2. The cluster-based small sample load prediction method according to claim 1, wherein the denoising the cluster result using a wavelet denoising algorithm comprises:

setting the discrete wavelet transformation order layer number; wherein the number of levels of the discrete wavelet transform is set to a maximum value that is not affected by the edge effect;

and denoising the clustering result by using the discrete wavelet transform.

3. The clustering-based small sample load prediction method according to claim 2, wherein the integrating the historical power load and the power load to be predicted according to the feature vector to obtain a clustering result comprises:

and obtaining the clustering result based on a K-means algorithm, hierarchical clustering, a neighbor propagation algorithm and a Gaussian mixture model.

4. A cluster-based small sample load prediction apparatus, comprising:

the characteristic extraction module is used for extracting characteristics of the historical power load and the power load to be predicted to obtain a characteristic vector; the method is also used for carrying out discrete wavelet analysis and statistical analysis based on seasonality, skewness and sample entropy on the historical power load and the power load to be predicted so as to extract a feature vector;

specifically, discrete wavelet analysis and statistical analysis based on seasonality, skewness and sample entropy are carried out on the historical power load and the power load to be predicted so as to extract a feature vector;

the clustering integration module is used for integrating and clustering the historical power load and the power load to be predicted according to the obtained feature vector to obtain a clustering result;

the noise reduction processing module is used for reducing noise of the clustering result by adopting a wavelet noise reduction algorithm, and carrying out averaging processing on the noise-reduced data to obtain time sequence data with preset length;

the prediction result module is used for inputting the time sequence data with the preset length into a second-order long-short-term memory neural network to obtain a prediction result of the power load; wherein the second-order long-short-term memory neural network is trained via the historical power load and the data of the power load to be predicted.

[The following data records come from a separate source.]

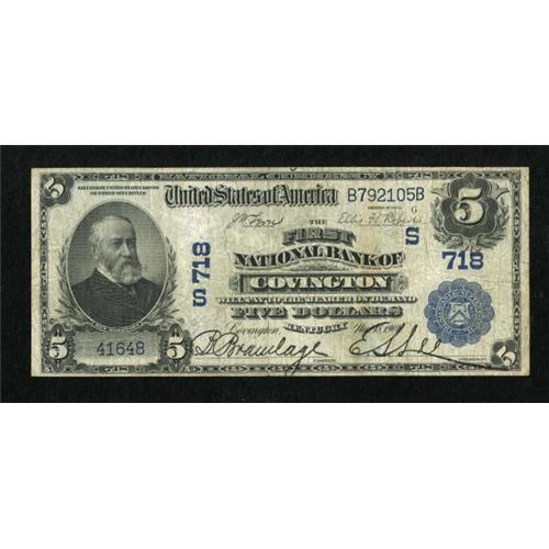 <B>Covington, KY</B></I> - $5 1902 Date Back Fr. 590 <B>The First NB</B></I> Ch. # (S)718<BR> The signatures are bold on this issue which features the first title. <B>Fine.</B></I><BR><BR><b>Shipping:</b> Coins & Currency (<a target="_blank" href="http://www.heritageauctions.com/common/shipping.php">view shipping information</a>)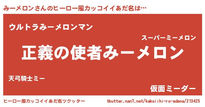 | 男性向けラノベタイトル風あだ名 | 『ミーメロンスレイヤー』 |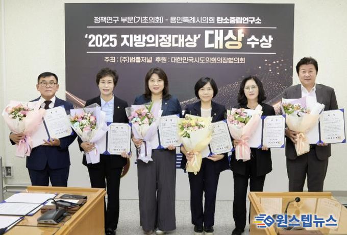 원스텝뉴스 이병희 기자 | 용인특례시의회 의원연구단체 ‘탄소중립연구소’가 법률저널 주최, 대한민국시도의회의장협의회 후원으로 열린 ‘2025 지방의정대상’에서 정책연구 기초의회 부문 대상을 수상했다.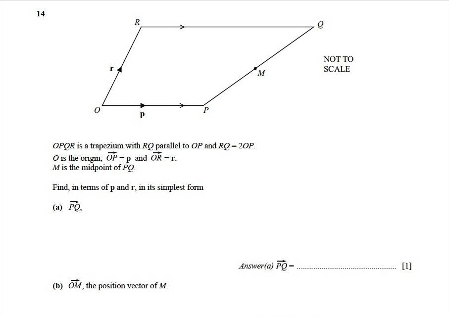 The discussion centers on solving position vector equations involving points P, Q, O, R, and M. The key equations provided are $\vec{PQ} = \vec{PO} + \vec{OR} + \vec{RQ}$ and $\vec{OM} = \vec{OP} + \frac{1}{2}\vec{PQ}$. Participants emphasize the importance of breaking down the vectors into their components and applying vector addition principles to derive the final expressions. The conversation concludes with a clear method for manipulating these vectors to achieve the desired results.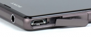 Завдяки невеликим розмірам, вдало підібраним товщині і масі корпусу, а також шорстким поверхонь металевих граней бічний рамки смартфон в руці розташовується дуже комфортно і утримується досить надійно. Складання деталей виконана на дуже високому рівні: ніяких люфтів або скрипів користувач не помітить - все елементи підігнані одна до одної ідеально. Кормі того, сам принцип конструкції виключає наявність таких неприємних серця і вуха користувача моментів, так як пристрій виконаний в моноблочному форм-факторі і не має ніяких знімних частин або розсувних механізмів. Немає у смартфона і знімною задній панелі - все слоти для карт розташовані на бічних гранях. SIM-карта та карта пам'яті встановлюються в щілинні бічні слоти традиційними способами - SIM-карта в'їжджає в роз'єм на висувному пластиковому таці, а карта пам'яті захоплюється підпружиненим механізмом. Спосіб установки SIM-карт у компанії Sony є найбільш зручним з усіх варіантів установки телефонних карт в бічні грані смартфонів, так як на пластиковому таці є зручний виступ для захоплення нігтем і висувається він без жодних зусиль, а інші варіанти припускають використання для вилучення картки додаткових інструментів (пінцета, ключа-скріпки і ін.).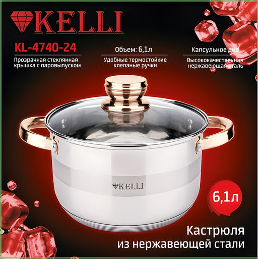 Кастрюля оснащена термостойкими клепаными ручками, которые не нагреваются во время готовки, что обеспечивает безопасность и комфорт при использовании. Это позволяет легко манипулировать кастрюлей, не боясь обжечься. Кроме того, жаропрочная стеклянная крышка с паровыпуском позволяет контролировать процесс приготовления без необходимости открывать кастрюлю, что сохраняет тепло и ароматы внутри. Универсальность KELLI KL-4740-24 также выражается в том, что она совместима со всеми типами плит, включая индукционные, что делает её подходящей для любой кухни.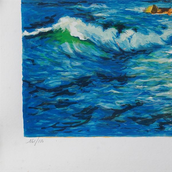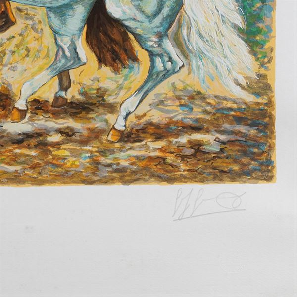 "Corsieri nella costa Brava - 5 Destrieri" litografia, es.141/150, firmata in basso a destra, entro cornice, 100x70 cm.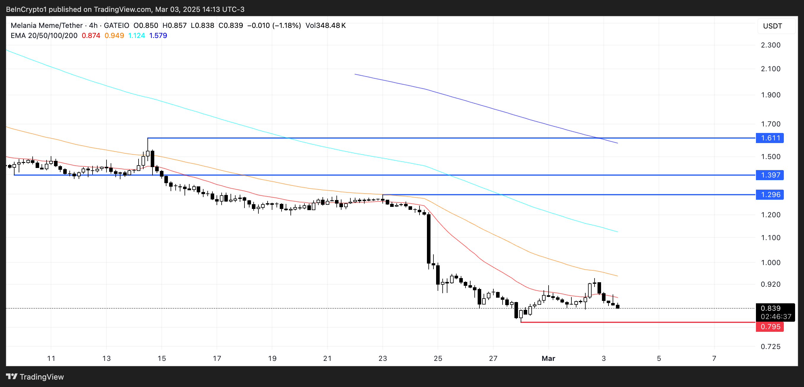 Ang MELANIA ay nagte-trade sa ilalim ng $1 nang halos isang linggo at kasalukuyang malapit sa all-time lows nito. Isang malakas na rebound ang pwedeng magdala nito pabalik sa $1.29 at $1.39, na may potensyal na pagtaas hanggang $1.61 sa unang pagkakataon mula noong Pebrero 6.

5. The cluster-based small sample load prediction apparatus of claim 4, wherein the noise reduction processing module is further configured to:

and denoising the clustering result by using the discrete wavelet transform.

6. The cluster-based small sample load prediction apparatus of claim 4, wherein the cluster integration module is further configured to:

7. An electronic device comprising a memory and a processor, the memory being coupled to the processor, the memory storing a computer program that, when executed by the processor, implements the cluster-based small sample load prediction method of any of claims 1-3.

8. A computer readable storage medium, characterized in that a computer program is stored, which computer program, when executed, implements the cluster-based small sample load prediction method of any of claims 1-3.